Well, I was cooking the carcasses to make broth so it didn't matter HOW the chicken turned out because it was going back out to the coop anyway.
But what I do is to quarter a big onion, peel and chop several carrots into 3rds, add a handful of garlic cloves, a bayleaf, a handful of dehydrated celery bits, a bit of salt & pepper, and a bit of any other herbs that strike my fancy at the moment and the carcasses into my biggest crockpot. Cover with water and set on low for 24hrs or so. Every now and then I poke it with a big wooden spoon to break up the ribs/backs and give it a stir. By the time it's done, the bones are so brittle that they just crumble. I dip everything out of the crock pot and strain it into a big mixing bowl to cool some while I set up the canner and wash jars. This lets me be able to skim off a good bit of fat before putting into the jars. I usually skim a bit more fat once it's in the jars.
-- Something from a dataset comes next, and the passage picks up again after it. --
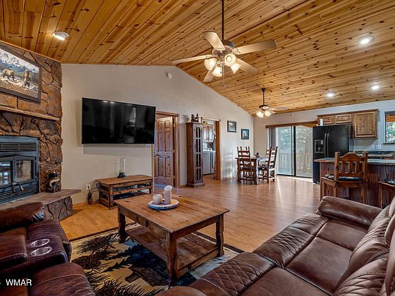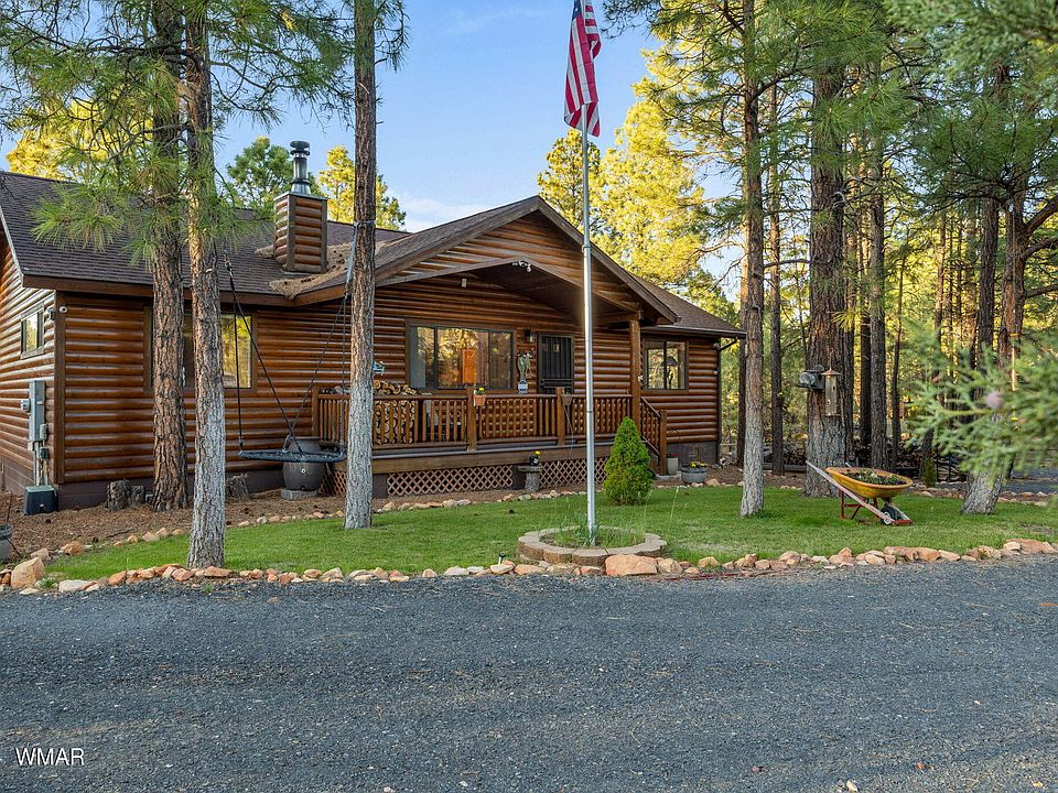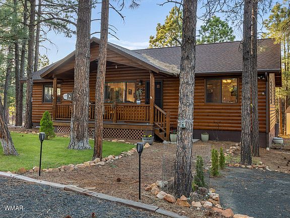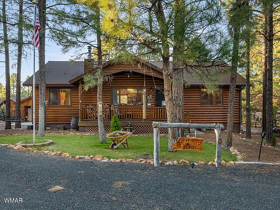 Tucked away within a serene forest, this charming cabin boasts a picturesque setting surrounded by tall pines, offering a tranquil retreat from the hustle and bustle of city life. The furnished interior features a spacious layout with a great room split floorplan, adorned with T&G ceilings and warmed by a cozy wood stove, creating the perfect ambiance for relaxation. The kitchen showcases granite countertops throughout, complemented by carpet and laminate flooring, while the peeled post rails add rustic charm to the cabin's aesthetic. Equipped with a central heating and cooling system, comfort is ensured year-round. Outside, the log sided exterior and circular drive enhance the cabin's appeal, set on a heavily treed cul-de-sac lot for privacy. Additional amenities include a 2-car etc... detached garage and utility storage shed, offering ample space for both vehicles and outdoor gear. This cabin exudes a timeless charm with its cabin exterior look, inviting you to unwind amidst nature's beauty. Call Today!

What was caught in the strainer is a nasty looking wad of mushy meat & veggies and crumbled bone bits. The chickens are THRILLED with the protein treat the next day. Then I just process the jars by the recipe.
You COULD do this with the carcass of a single roasted bird and then freeze in quart bags for later use. ;) Would make amazing rice or mashed potatoes or soup or chicken and dumplings or.......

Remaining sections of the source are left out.